We identified 231 (45.9%) eligible records for IPAH/CTEPH patients from the 503 records assessed; of the patients, 164 were IPAH and 67 were CTEPH. Furthermore, 84 patients with normal invasive pulmonary arterial pressure and CA 125 data were included as controls. A flow chart displaying the enrolment process is shown in Figure 1.

FIGURE 1

Figure 1. Flow diagram of patient enrollment and exclusion. CA 125, Carbohydrate antigen 125; CTEPH, Chronic thromboembolic pulmonary hypertension; IPAH, Idiopathic pulmonary arterial hypertension.

Baseline Characteristics

The baseline characteristics of all included patients are presented in Table 1. Among 231 patients with PH, 191 were categorized into the CA 125 ≤ 35 U/ml group and 40 into the CA 125 > 35 U/ml group. At baseline, 111 (48.1%) of 231 patients presented with WHO-FC III/IV, and 40 (17.3%) patients did not receive PH-specific medication. During the follow-up period, 73 (31.6%) patients experienced clinical worsening events. More specifically, 20 patients had deteriorated WHO-FC, 16 patients escalated their PH-specific therapy, and 37 patients were rehospitalized due to heart failure or progression of pulmonary hypertension. Among patients who experienced clinical worsening, 23 were in the CA 125>35 U/ml group, and 50 were in the CA 125 ≤ 35 U/ml group.

TABLE 1

Table 1. Basic characteristics of control group and patients with PH.

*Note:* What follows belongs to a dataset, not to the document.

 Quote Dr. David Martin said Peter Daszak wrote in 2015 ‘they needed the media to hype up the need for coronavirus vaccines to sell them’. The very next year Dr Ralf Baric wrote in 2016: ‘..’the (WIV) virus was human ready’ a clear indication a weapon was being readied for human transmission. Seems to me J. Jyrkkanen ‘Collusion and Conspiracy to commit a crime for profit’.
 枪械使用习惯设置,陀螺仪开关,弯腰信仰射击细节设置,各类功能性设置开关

Patients With PH vs. Control Group

Compared to those in the control group, patients with PH were younger (40.0 ± 15.3 vs. 50.4 ± 16.2 years, P < 0.001), had worse WHO-FC, 6MWD, echocardiographic and haemodynamic parameters, and had higher serum levels of NT-proBNP and CA 125 [17.3 (11.3, 25.8) vs. 9.5 (6.1, 18.2) U/ml, P < 0.001].

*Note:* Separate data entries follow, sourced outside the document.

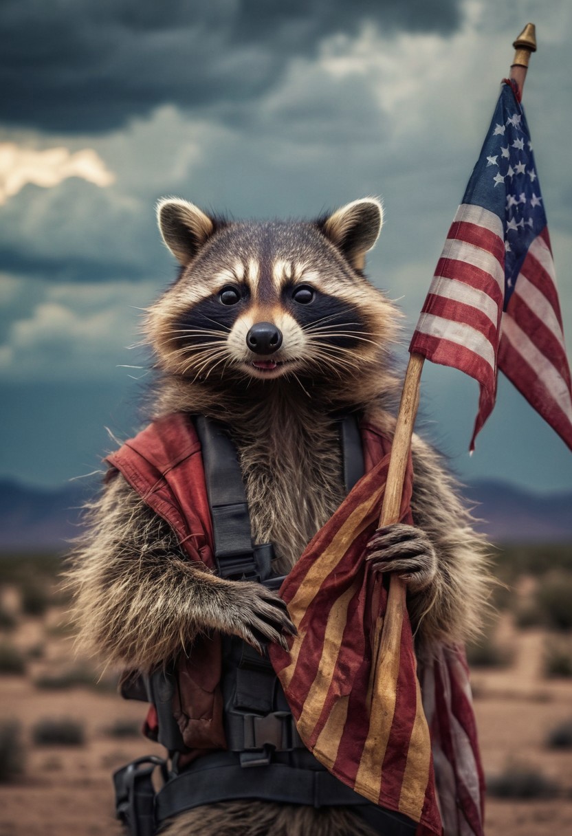 Colorful graded glamour portrait photo of a racoon. Pillar of flames, cute Racoon in tactical gear Holding usa flag. Holding flag. USA bandana. Racoon wearing Sunglasses. Star and stripes. infront of a colorful nuclear blast. Epic lightning.epic nuclear explosions in the background. Break Absurdres, 8K, UHD, many details, extreme detailed, full of details, Wide range of colors, HDR. desert storm backdrop. throwing a translucent red/tanslucent purple/black, atmospheric haze, Film grain, cinematic film still, shallow depth of field, highly detailed, high budget, cinemascope, moody, epic, OverallDetail, gorgeous, RAW photo, photorealistic, candid camera, color graded cinematic, eye catchlights, atmospheric lighting, skin pores, imperfections, natural, shallow dof,
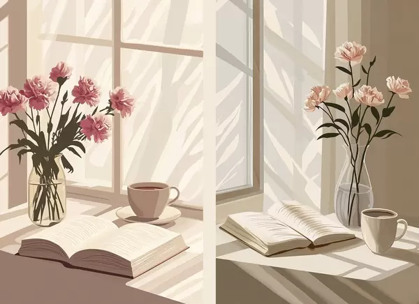 Poster Abstracție, estetica dimineții, ceașcă de cafea, carte, flori Nr d00448
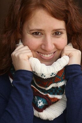 This cowl is perfect for the cold weather. It’s covered with colorful, non-traditional Fair Isle designs such as checkerboards, diamonds and chevron stripes. This piece is great for the confident knitter who may be new to fair isle.
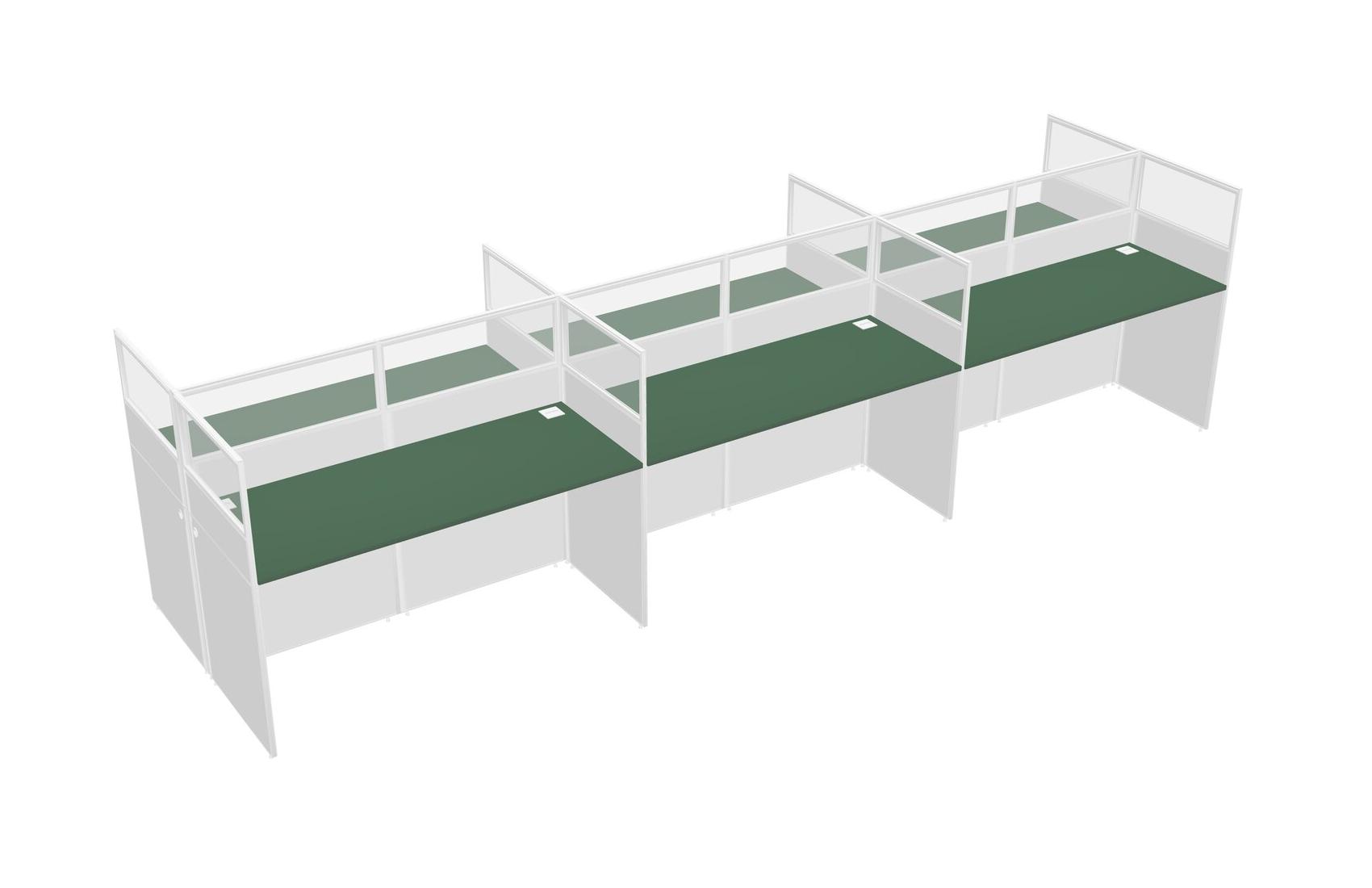 Green Shared Rectangular Office Cubicle Panel System For 6 Persons

PH Patients With CA 125 > 35 U/ml vs. Those With CA 125 ≤ 35 U/ml

Compared to those with CA 125 ≤ 35 U/ml, patients with CA 125 > 35 U/ml had lower mixed venous oxygen saturation (S_VO₂), lower cardiac index (CI) values, a larger right ventricular end-diastolic diameter (RVED), higher prevalence rates of hyperlipidaemia and pericardial effusion, higher mean right atrial pressure (mRAP), and higher serum levels of NT-proBNP and CA 125 [55.9 (43.7, 83.0) vs. 14.5 (10.6, 21.1) U/ml, P < 0.001]. In addition, patients with CA 125 > 35 U/ml tended to have a smaller left ventricular end-diastolic diameter (LVED) (36.2 ± 6.6 vs. 38.2 ± 6.2 mm, P = 0.064).

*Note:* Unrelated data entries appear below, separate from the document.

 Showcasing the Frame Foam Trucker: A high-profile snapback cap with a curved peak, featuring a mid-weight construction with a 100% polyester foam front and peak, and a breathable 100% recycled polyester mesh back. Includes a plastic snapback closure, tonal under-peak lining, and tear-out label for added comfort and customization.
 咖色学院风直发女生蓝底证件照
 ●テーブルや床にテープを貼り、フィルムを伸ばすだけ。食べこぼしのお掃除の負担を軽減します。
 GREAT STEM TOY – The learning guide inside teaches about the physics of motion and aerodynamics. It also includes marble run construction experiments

CA 125 Is Weakly Associated With Established Markers of PH Severity

As shown in Table 2, ln(CA 125) was weakly correlated with 6MWD, WHO-FC, ln(NT-proBNP), echocardiographic parameters (LVED, RVED, and pericardial effusion), and haemodynamic parameters [S_vO₂, mRAP, CI and pulmonary vascular resistance (PVR)]. In addition, ln(CA 125) tended to correlate with pulmonary arterial wedge pressure (PAWP) (r = 0.123, P = 0.062). However, no correlations were observed between ln(CA 125) and left atrial dimension (r = −0.066, P = 0.318), left ventricular ejection fraction (r = 0.034, P = 0.605), systolic pulmonary arterial pressure (r = −0.037, P = 0.585), or mPAP (r = 0.106, P = 0.109). Similar results were observed in the CTEPH and IPAH subgroups (Supplementary Tables 1, 2).

TABLE 2

Table 2. Correlations between carbohydrate antigen 125 and established markers of PH severity.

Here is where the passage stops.